WOW, I'm Happy. This is great news. Thanks to Hometheatershack and Thanks to Sonnie and Wayne and all the members who participated.


----------



## Ron Stimpson (Jun 26, 2006)

Mr. P,

Maybe now we'll convince you to put another woofer logo up there under your name ;^)

Congrats!

Ron
SVS


----------



## Sonnie (Apr 11, 2006)

Ron Stimpson said:


> Mr.

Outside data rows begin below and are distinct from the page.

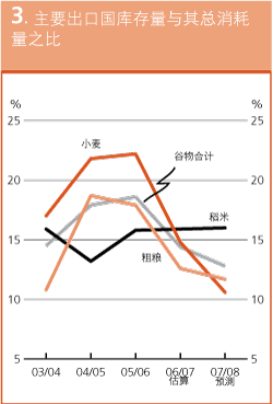 预测2007/08年度结束时主要出口国的季末谷物库存量与其总消耗量之比将陡降至12.8%。在小麦方面,该比率最低,仅为10.6%,这就是本年度市场价格高位波动的原因。在粗粮方面,预计该比率将比上年度进一步下滑,至11.7%。预计美国国内巨大的玉米用量,尤其是用于生产乙醇的用量,将吸收其2007年产量增幅的大部分。预计稻米的比率仍将维持在16%上下。
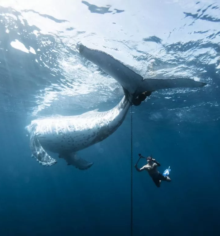 به گزارش وبسایت مسابقه عکاسی اقیانوسیه ۲۰۲۵، عکس برتر امسال لحظهای نفسگیر را ثبت کرده است که در آن غواصان درحال بریدن زنجیرهای زنگزده و سنگینی هستند که به دم یک نهنگ گوژپشت گره خورده بود.
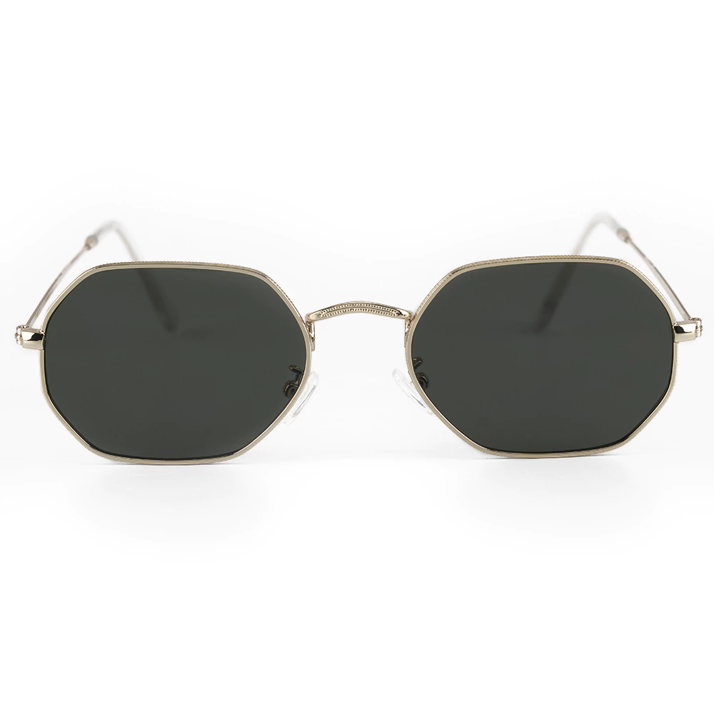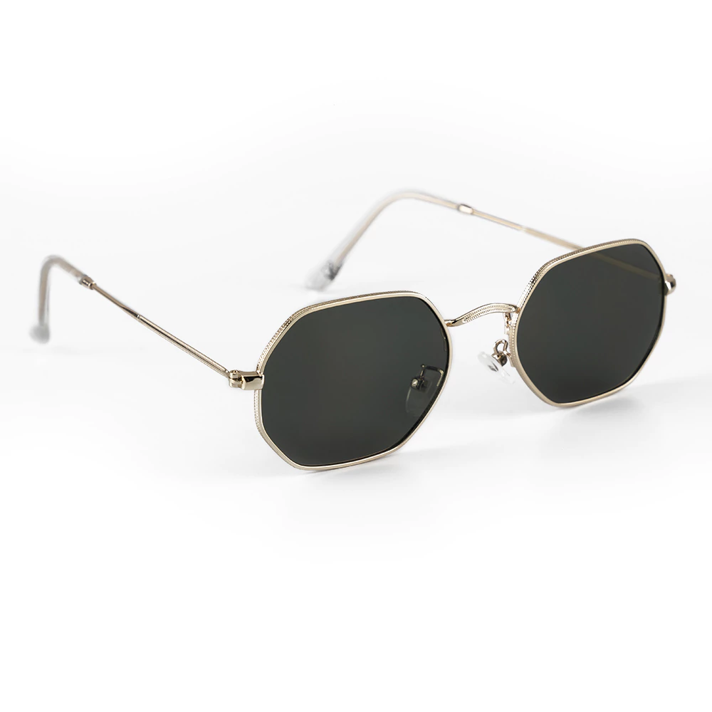 Os Óculos de Sol Geométrico Union Black Gold da Saint Germain Brand combinam o melhor do design minimalista com a sofisticação do dourado. Sua armação metálica dourada com lentes pretas intensas cria um visual imponente, moderno e refinado — perfeito para quem valoriza elegância e originalidade.

P,
> 
> Maybe now we'll convince you to put another woofer logo up there under your name ;^)


:rofl: 

I just realized it... heehee... not that it wasn't staring me in the face. :rubeyes:

He'll definitely have another sub to snap a pic of in a few days or so.


----------



## Fincave (Apr 20, 2006)

Congrats! You have to give us some kind of review once you have had a listen


----------



## toecheese (May 3, 2006)

Congratulations!


----------



## Danny (May 3, 2006)

Congratulations Mate - you have won a great system. Enjoy


----------



## MrPorterhouse (Jul 29, 2006)

I've got the Speakers and the Subwoofer. I've only had a brief time with them so far and its been very good. My room is a little overwhelming for the smaller bookshelves, but the center channel can sing and the subwoofer is, of course, outstanding. Here is the initial plot of the sub after calibration with NO EQ. I've got the system setup with a 100Hz crossover and I've got a Cerwin Vega LW15 subwoofer running speaker level with the SBS-01 bookshelf mains and those are crossed over at about 125Hz. I'll write more as I get time. Thanks SVS and Thanks HometheaterShack!


----------



## Sonnie (Apr 11, 2006)

Excellent MrPorterHouse! :T

I have that same setup of the SBS-01's right now. When they were in my great room they seemed a little small, although still quite good. Now that they are in my small home theater room, they actually sound big. The sub was remarkable on WOTW's, even in the great room.


----------